THINKING ABOUT THE RANGE OF USES AND NEEDS FOR "MATERIAL":
xxxv: [accommodating] "nonhuman objects (technologies, animals, discourses, historical documents, visual representations, etc.). Such material entities in our situations of concern deserve more explicit and intentional inclusion in our research and analyses. Just as 'nature' and 'society' are not separate but 'make each other up' -- are coconstitutive -- so too do humans and nonhuman objects (e.g., Haraway 1989, 2003; Latour 1987; McCarthy 1984; Mead 1934/1962). The semiotics of materiality matter and materiality is relational (Law 1999: 4). Any method that ignores the materialities of human existence is inadequate, especially today as humans and various technosciences are together transforming the planet from the inside out (e.g., Clarke, Shim, Mamo, Fosket, & Fishman 2003)."

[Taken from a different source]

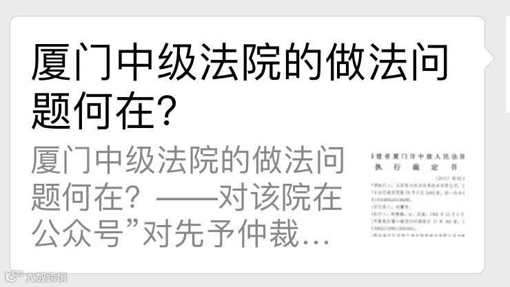 5月31日,湛江仲裁委的官方微信公众号做出强烈反馈,发布题为《厦门中级法院的做法问题何在?——对该院在公众号”对先予仲裁执行说不”一文的反馈意见》。

COMPARE WITH LATOUR'S HOW TO THINK ABOUT THE BODY: SENSITIZING:
xxxviii: "...assert the sufficiency of sensitizing concepts and analytics for a fresh approach to grounded theorizing rather than the development of high modernist formal theory." 
3-4: [searching] "for a method that could travel across some of the usual divides of the academy without violating // core disciplinary and/or social science/humanities concerns." 
4: the coconstitution of ontology, epistemology, and practice = theory/methods packages

From Latour, Body:  "Equipped with such a 'patho-logical' definition of the body, one is not obliged to define an essence, a substance (what the body is by nature), but rather, I will argue, an interface that becomes more and more describable when it learns to be affected by many more elements. The body is thus not a provisional residence of something superior —an immortal soul, the universal, or thought— but what leaves a dynamic trajectory by which we learn to register and become sensitive to what the world is made of. Such is the great virtue of this definition : there is no sense in defining the body directly, but only in rendering the body sensitive to what these other elements are. By focusing on the body, one is immediately —or rather, mediately— directed to what the body has become aware of. This is my way of interpreting James' sentence : 'Our body itself is the palmary instance of the ambiguous' (James, 1996 [1907])."

37: quoting Lather (1999:137): "Moving across levels of the particular and the abstract, trying to avoid a transcendent purchase on the object of study, we set ourselves up for necessary failure in order to learn how to find our way into postfoundational possibilities."